TASK OBJECTIVE
Take from the records below each line that holds "finger".

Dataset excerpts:
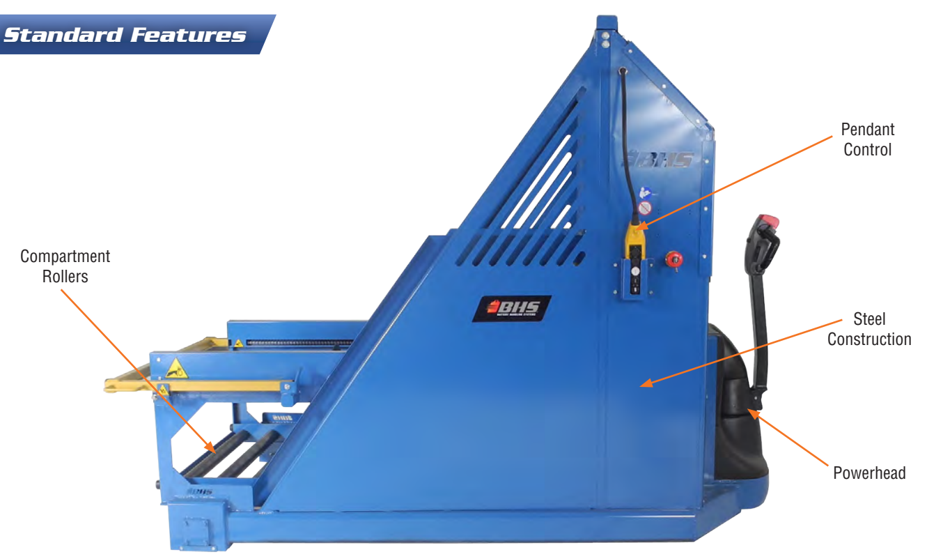
MBE side view
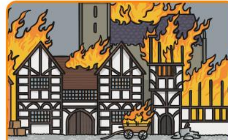
Fire services never used to exist so everyone had to use buckets of water to try and put the fire out! It destroyed many buildings, which were later rebuilt from brick instead of wood.
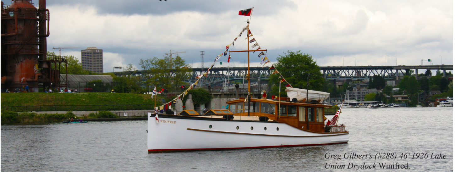
Greg Gilbert's (#288) 46' 1926 Lake Union Drydock Winifred.

Next year's Opening Day will occur on Saturday, May 7, 2022. Put it on your calendar now and plan to bring your boat out to the festivities.
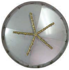
ROUND IGNITION KITS
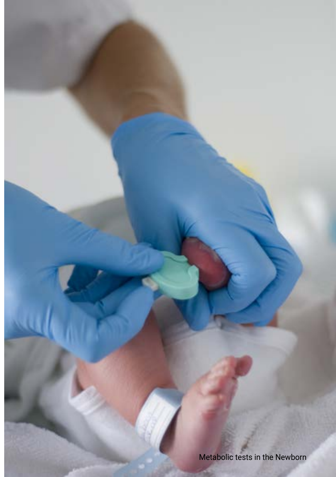
Metabolic tests in the Newborn
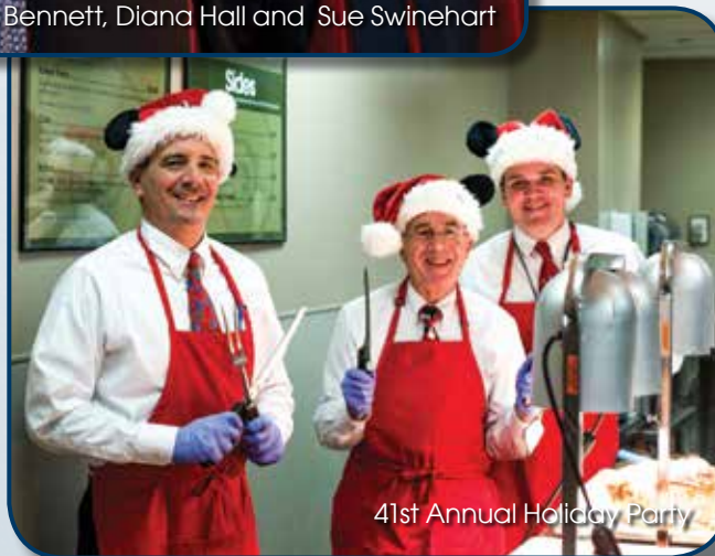
41st Annual Holiday Party

Retiree Dinner and Luncheons – In 2017, retired LMHS employees were invited to two Retiree Luncheons held at the DoubleTree by Hilton Hotel in April and September. In addition,
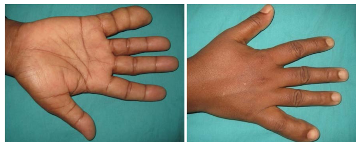
[Table/Fig-1a&b]: Clinical photograph showing macroductyly of right little finger

MRI revealed diffuse hypertrophy of subcutaneous fat enclosing entire little finger in the palmar aspect – macrodystrophia lipomatosa, mild
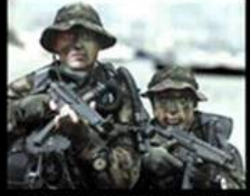
What I tell people I did.
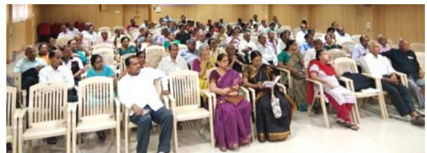
Branch members & audiences relishing the talk
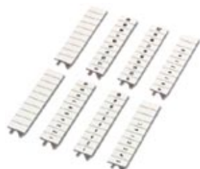
Zack marker strip, 10-section, horizontally labeled with the consecutive numbers: 111 ... 120, white, Width: 5 mm

Please be informed that the data shown in this PDF Document is generated from our Online Catalog. Please find the complete data in the user's documentation. Our General Terms of Use for Downloads are valid ( http://download.phoenixcontact.com )

EXERCISE OUTPUT
[Table/Fig-1a&b]: Clinical photograph showing macroductyly of right little finger
MRI revealed diffuse hypertrophy of subcutaneous fat enclosing entire little finger in the palmar aspect – macrodystrophia lipomatosa, mild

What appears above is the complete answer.